> **What is required**: With every picture left out, restate the listing below exactly as written.

> **Data excerpt**:
□ □ □ □
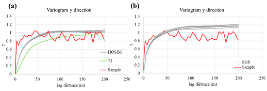 Variograms in y direction of samples (red), TI (green), (a) HOSIM realizations (grey), and (b) SGS realizations (grey).
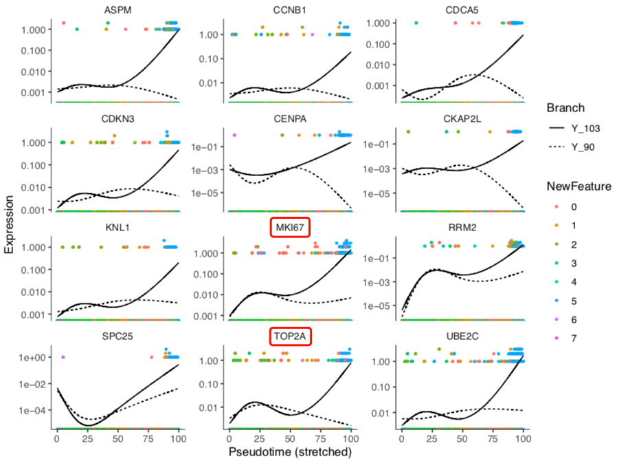 確定了分化起點(diǎn)后,Monocle可以模擬出每個(gè)細(xì)胞所處的分化時(shí)間,并尋找隨著分化時(shí)間逐漸升高或降低的基因表達(dá)熱圖和分布圖,即Beam分析。圖4將Top200差異基因聚成4類,展示了pre-branch向cell fate1和cell fate2狀態(tài)分化相關(guān)的命運(yùn)決定基因。圖5展示了與細(xì)胞增殖相關(guān)的基因,如MKI67和TOP2A在cluster 5中高表達(dá),提示cluster 5作為CD8+ Na?ve T細(xì)胞終末分化狀態(tài)是一種增殖型細(xì)胞(Proliferating)。除此之外,如果有特別關(guān)注的基因也可以基于關(guān)注的基因進(jìn)行繪制。
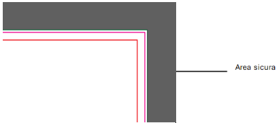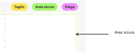 Se hai scaricato il nostro Template, troverai al suo interno alcune linee di colore diverso che ti aiuteranno ad impaginare correttamente la tua grafica. Tra queste linee ce n’è una di colore rosso, chiamata Area sicura.
□ □ □ □
> **Response**:
 Variograms in y direction of samples (red), TI (green), (a) HOSIM realizations (grey), and (b) SGS realizations (grey).
 確定了分化起點(diǎn)后,Monocle可以模擬出每個(gè)細(xì)胞所處的分化時(shí)間,并尋找隨著分化時(shí)間逐漸升高或降低的基因表達(dá)熱圖和分布圖,即Beam分析。圖4將Top200差異基因聚成4類,展示了pre-branch向cell fate1和cell fate2狀態(tài)分化相關(guān)的命運(yùn)決定基因。圖5展示了與細(xì)胞增殖相關(guān)的基因,如MKI67和TOP2A在cluster 5中高表達(dá),提示cluster 5作為CD8+ Na?ve T細(xì)胞終末分化狀態(tài)是一種增殖型細(xì)胞(Proliferating)。除此之外,如果有特別關(guān)注的基因也可以基于關(guān)注的基因進(jìn)行繪制。
 Se hai scaricato il nostro Template, troverai al suo interno alcune linee di colore diverso che ti aiuteranno ad impaginare correttamente la tua grafica. Tra queste linee ce n’è una di colore rosso, chiamata Area sicura.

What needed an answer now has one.